# Card cut 4



## Kalevala (Jul 20, 2014)

Hello again :wave:

Card cut 4 - horizontal & longitudinal - and the last one, next time something else.
Frame is, once again, self made Bill Hays The Patriot Tactical Slingshot.
Distance 10 m and 15 cm, ammo 3/8" steel.


----------



## Genoa Slingshot (Oct 29, 2015)

Nice horizontal long side cut, Kal!
And nice slomo too.
Hope your black thumb nail is not due to a 3/8 steel!!!


----------



## Kalevala (Jul 20, 2014)

Thanks Genoa 

It took longer time to get this done than I expected.



Genoa Slingshot said:


> Hope your black thumb nail is not due to a 3/8 steel!!!


I painted metal parts to my slingshots.


----------



## Sharker (Sep 15, 2013)

Nice cardcut Kalevala


----------



## Charles (Aug 26, 2010)

Nice!

Cheers ..... Charles


----------



## WindLvr (Jul 16, 2014)

Very nice shooting!
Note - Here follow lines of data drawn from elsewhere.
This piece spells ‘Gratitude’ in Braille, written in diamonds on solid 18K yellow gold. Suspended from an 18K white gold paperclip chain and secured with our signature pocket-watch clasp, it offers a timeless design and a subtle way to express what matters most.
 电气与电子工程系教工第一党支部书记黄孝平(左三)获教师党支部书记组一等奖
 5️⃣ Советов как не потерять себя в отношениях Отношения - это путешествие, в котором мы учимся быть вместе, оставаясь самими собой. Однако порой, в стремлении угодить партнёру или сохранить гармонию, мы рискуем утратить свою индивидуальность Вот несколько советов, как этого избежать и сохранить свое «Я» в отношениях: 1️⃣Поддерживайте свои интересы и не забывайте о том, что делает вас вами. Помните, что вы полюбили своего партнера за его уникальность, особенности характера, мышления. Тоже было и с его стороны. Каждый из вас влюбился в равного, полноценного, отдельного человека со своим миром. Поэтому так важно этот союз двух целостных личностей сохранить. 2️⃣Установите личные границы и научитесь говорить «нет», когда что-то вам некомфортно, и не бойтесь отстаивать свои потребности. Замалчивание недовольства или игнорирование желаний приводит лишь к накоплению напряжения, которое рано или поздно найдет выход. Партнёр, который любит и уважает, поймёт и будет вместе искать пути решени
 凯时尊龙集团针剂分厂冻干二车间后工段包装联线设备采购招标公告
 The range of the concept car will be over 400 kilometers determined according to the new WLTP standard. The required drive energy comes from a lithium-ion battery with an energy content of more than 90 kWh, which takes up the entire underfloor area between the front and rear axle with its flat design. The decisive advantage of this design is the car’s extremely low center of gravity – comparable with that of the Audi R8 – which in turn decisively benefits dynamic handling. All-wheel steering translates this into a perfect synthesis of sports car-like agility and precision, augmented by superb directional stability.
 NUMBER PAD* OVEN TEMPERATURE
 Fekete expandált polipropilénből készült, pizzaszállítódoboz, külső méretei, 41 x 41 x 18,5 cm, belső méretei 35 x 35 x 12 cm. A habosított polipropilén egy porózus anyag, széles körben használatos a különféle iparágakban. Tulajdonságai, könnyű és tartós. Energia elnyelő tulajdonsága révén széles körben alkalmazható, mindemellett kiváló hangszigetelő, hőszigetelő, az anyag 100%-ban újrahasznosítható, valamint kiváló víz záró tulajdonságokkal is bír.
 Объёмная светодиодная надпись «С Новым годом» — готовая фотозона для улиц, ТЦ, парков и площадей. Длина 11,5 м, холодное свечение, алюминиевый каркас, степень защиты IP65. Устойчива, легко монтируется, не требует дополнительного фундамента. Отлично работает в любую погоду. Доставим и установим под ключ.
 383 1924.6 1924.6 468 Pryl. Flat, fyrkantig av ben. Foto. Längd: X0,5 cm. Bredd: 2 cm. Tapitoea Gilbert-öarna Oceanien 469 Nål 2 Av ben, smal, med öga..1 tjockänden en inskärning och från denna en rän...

Loved the slow motion shot too.


----------



## grappo73 (Dec 15, 2015)

Well done!!!


----------



## inconvenience (Mar 21, 2016)

Kalevala said:


> Hello again :wave:
> Card cut 4 - horizontal & longitudinal - and the last one, next time something else.
> Frame is, once again, self made Bill Hays The Patriot Tactical Slingshot.
> Distance 10 m and 15 cm, ammo 3/8" steel.
> ...


Great job!

And I love your slingshot. I have switched to TTF this past month and my accuracy has drastically improved.

You guys show all these Hayes slingshots I do not see on his site :/

And great idea with the vehicle side mirror. I now know how to capture myself (too bad for my audience ) in my videos. I had been using a hand mirror and quite poorly.


----------



## Kalevala (Jul 20, 2014)

Thanks guys 

inconvenience, watch Template support section.

This is what I try next


----------



## inconvenience (Mar 21, 2016)

Kalevala said:


> Thanks guys
> inconvenience, watch Template support section.


Thanks!

You made it nice and chunky huh? Like 3/4" at least? I like 3/4" +


----------



## Kalevala (Jul 20, 2014)

inconvenience said:


> Kalevala said:
> 
> 
> > Thanks guys
> ...


It's made of 20mm HDPE


----------